When you reach the line containing "屋根の下塗りを行っている様子です。屋根は3回に分けて塗装します。 | 中塗りを終えた後、屋根の上塗りを行っている様子です。 |", begin reproducing the material exactly, stop after the line containing "(サイズが選択可) ワンピース ショート丈", and leave out any pictures along the way.

Segment Start: DATASET

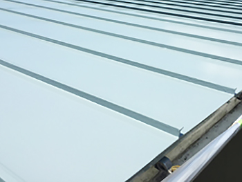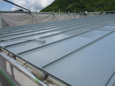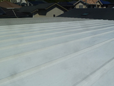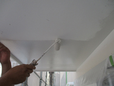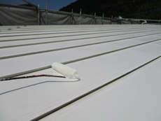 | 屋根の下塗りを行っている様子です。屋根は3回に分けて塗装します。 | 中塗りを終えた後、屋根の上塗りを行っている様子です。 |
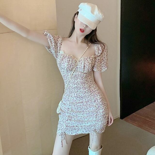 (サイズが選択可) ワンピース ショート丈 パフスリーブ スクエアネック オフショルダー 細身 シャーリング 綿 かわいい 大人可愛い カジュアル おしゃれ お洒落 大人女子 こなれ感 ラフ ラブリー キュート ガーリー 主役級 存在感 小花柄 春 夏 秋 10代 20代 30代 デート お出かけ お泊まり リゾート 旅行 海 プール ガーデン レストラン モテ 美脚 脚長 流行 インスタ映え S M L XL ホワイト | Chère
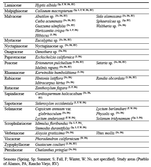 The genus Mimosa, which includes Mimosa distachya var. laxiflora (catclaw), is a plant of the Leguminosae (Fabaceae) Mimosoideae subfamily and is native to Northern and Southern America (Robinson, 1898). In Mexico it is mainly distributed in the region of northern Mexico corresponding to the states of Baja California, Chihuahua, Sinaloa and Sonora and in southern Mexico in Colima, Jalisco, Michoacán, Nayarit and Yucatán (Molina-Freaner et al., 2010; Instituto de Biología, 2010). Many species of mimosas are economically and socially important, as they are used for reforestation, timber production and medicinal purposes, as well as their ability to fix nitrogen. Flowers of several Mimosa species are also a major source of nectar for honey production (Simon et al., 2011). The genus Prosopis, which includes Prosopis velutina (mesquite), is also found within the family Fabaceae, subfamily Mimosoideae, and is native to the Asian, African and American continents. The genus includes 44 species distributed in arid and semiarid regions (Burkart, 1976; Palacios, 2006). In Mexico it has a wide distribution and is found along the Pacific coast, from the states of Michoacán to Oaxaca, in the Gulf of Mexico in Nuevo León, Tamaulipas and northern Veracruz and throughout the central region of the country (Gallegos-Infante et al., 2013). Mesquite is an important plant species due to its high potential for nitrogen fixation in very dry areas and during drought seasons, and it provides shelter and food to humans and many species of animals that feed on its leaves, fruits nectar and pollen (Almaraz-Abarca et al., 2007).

Segment End: DATASET
Segment Start: DATASET

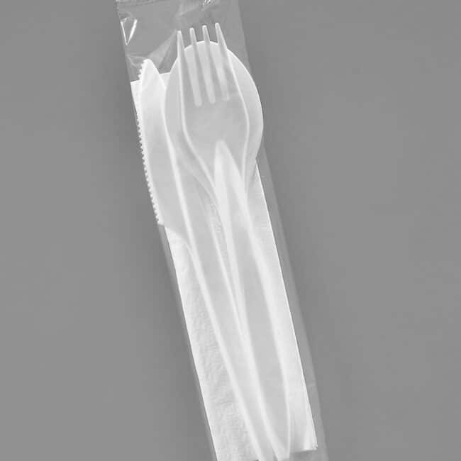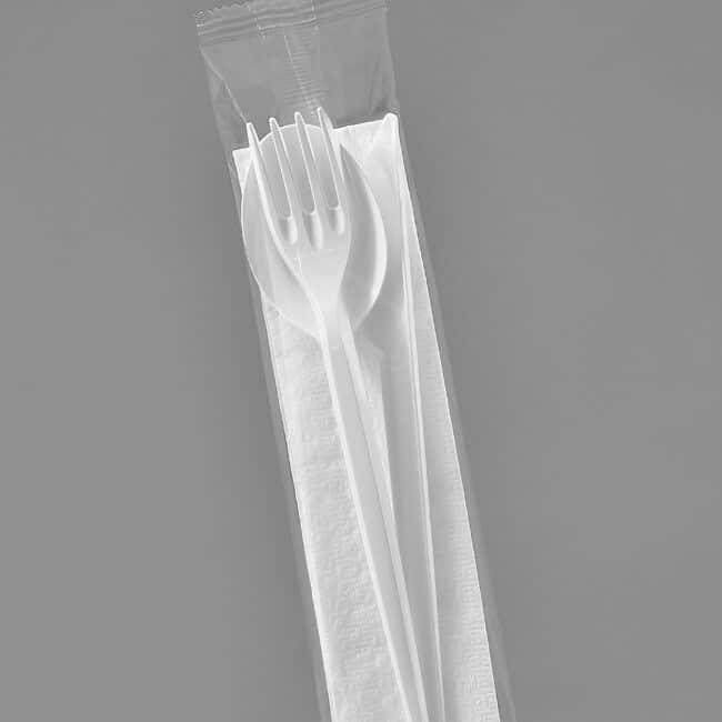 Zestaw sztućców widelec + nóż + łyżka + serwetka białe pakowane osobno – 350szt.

Segment End: DATASET
Segment Start: DATASET

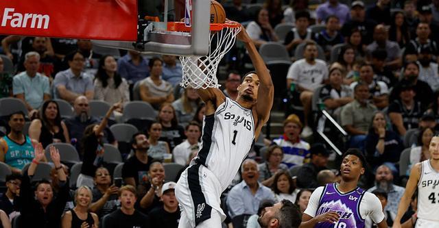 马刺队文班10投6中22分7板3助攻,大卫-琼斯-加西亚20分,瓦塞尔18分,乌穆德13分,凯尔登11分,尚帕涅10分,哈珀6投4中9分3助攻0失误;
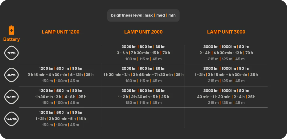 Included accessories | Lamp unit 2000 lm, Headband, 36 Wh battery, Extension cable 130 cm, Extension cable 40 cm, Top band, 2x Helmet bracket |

Segment End: DATASET

PROBLEM SOLUTION |
 | 屋根の下塗りを行っている様子です。屋根は3回に分けて塗装します。 | 中塗りを終えた後、屋根の上塗りを行っている様子です。 |
 (サイズが選択可) ワンピース ショート丈 パフスリーブ スクエアネック オフショルダー 細身 シャーリング 綿 かわいい 大人可愛い カジュアル おしゃれ お洒落 大人女子 こなれ感 ラフ ラブリー キュート ガーリー 主役級 存在感 小花柄 春 夏 秋 10代 20代 30代 デート お出かけ お泊まり リゾート 旅行 海 プール ガーデン レストラン モテ 美脚 脚長 流行 インスタ映え S M L XL ホワイト | Chère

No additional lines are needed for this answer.